- [Exercise prompt]:
In the entries that follow, find the line containing "그럼에도 불구하고, 이번" and the line containing "11月13日,中国太保(60", then retype exactly the lines from the first through the second, pictures excluded.

=== Task input ===

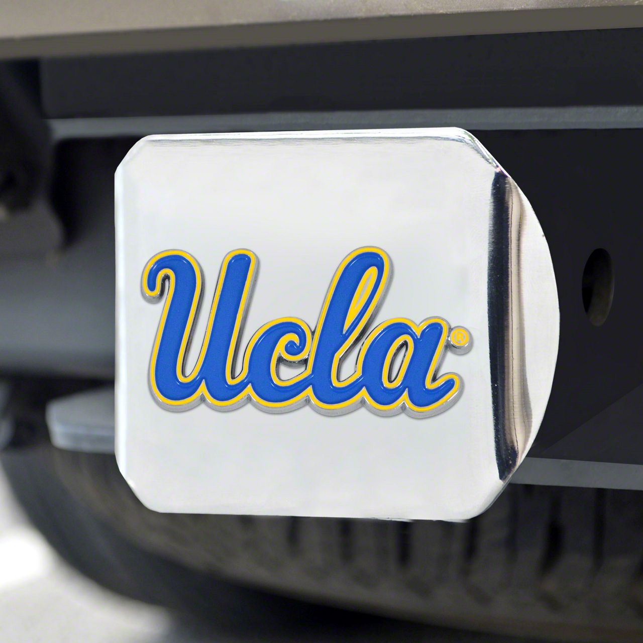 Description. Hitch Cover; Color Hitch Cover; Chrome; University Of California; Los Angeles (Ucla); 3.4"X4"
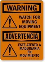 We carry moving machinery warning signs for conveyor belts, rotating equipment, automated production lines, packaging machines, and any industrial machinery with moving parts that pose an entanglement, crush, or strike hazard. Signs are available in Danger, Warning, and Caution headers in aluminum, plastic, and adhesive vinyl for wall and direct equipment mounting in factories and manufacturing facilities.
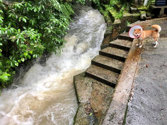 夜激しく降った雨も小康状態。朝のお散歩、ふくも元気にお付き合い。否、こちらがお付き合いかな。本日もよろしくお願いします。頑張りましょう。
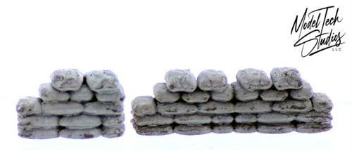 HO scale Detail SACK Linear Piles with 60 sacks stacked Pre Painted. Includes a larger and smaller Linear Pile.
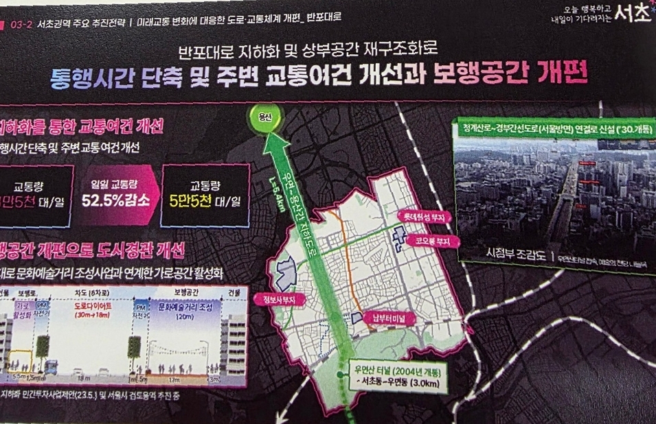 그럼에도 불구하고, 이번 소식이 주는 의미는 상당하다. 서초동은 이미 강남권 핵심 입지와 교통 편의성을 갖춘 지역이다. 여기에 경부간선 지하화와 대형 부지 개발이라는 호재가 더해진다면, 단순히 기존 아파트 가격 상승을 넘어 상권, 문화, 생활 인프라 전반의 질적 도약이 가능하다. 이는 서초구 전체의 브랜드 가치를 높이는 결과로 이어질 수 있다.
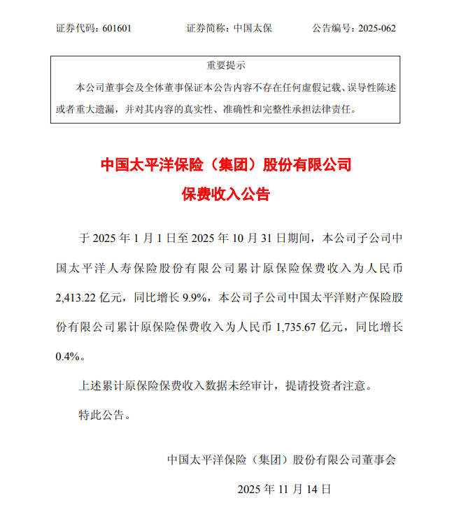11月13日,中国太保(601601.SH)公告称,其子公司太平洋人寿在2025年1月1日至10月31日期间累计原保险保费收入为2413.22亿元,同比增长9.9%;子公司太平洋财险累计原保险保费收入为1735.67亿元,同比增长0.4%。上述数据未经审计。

===
=== Task input ===

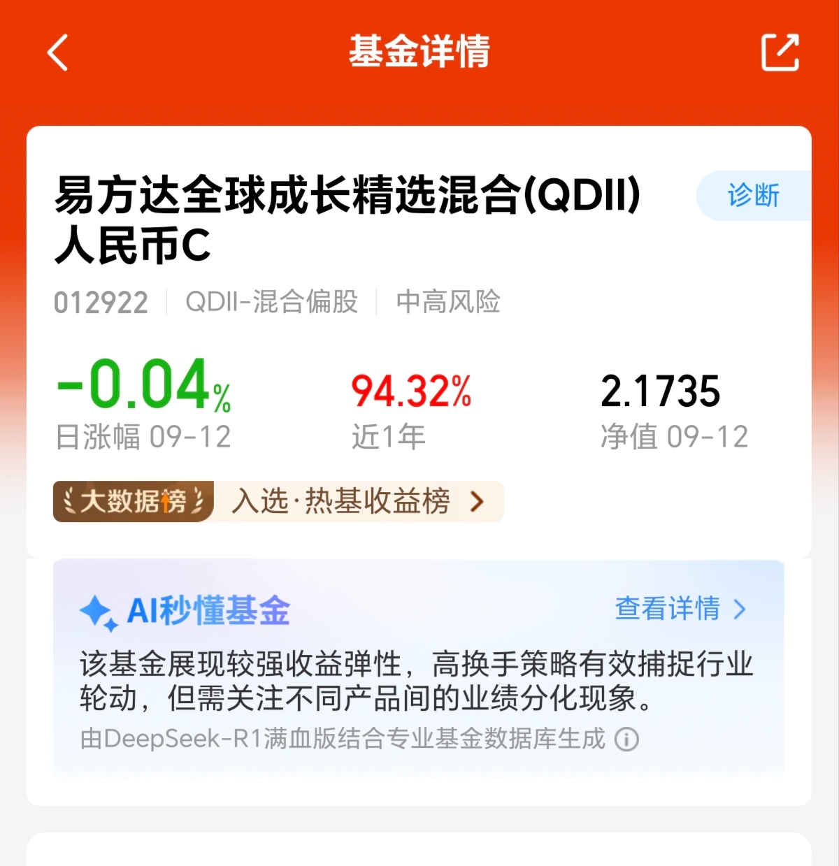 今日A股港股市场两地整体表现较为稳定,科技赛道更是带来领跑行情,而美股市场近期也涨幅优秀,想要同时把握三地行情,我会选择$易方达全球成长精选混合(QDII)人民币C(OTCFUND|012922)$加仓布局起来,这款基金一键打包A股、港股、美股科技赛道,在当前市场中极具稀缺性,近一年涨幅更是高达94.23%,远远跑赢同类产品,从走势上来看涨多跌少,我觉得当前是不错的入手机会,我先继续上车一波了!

===

- [Written reply]:
 그럼에도 불구하고, 이번 소식이 주는 의미는 상당하다. 서초동은 이미 강남권 핵심 입지와 교통 편의성을 갖춘 지역이다. 여기에 경부간선 지하화와 대형 부지 개발이라는 호재가 더해진다면, 단순히 기존 아파트 가격 상승을 넘어 상권, 문화, 생활 인프라 전반의 질적 도약이 가능하다. 이는 서초구 전체의 브랜드 가치를 높이는 결과로 이어질 수 있다.
11月13日,中国太保(601601.SH)公告称,其子公司太平洋人寿在2025年1月1日至10月31日期间累计原保险保费收入为2413.22亿元,同比增长9.9%;子公司太平洋财险累计原保险保费收入为1735.67亿元,同比增长0.4%。上述数据未经审计。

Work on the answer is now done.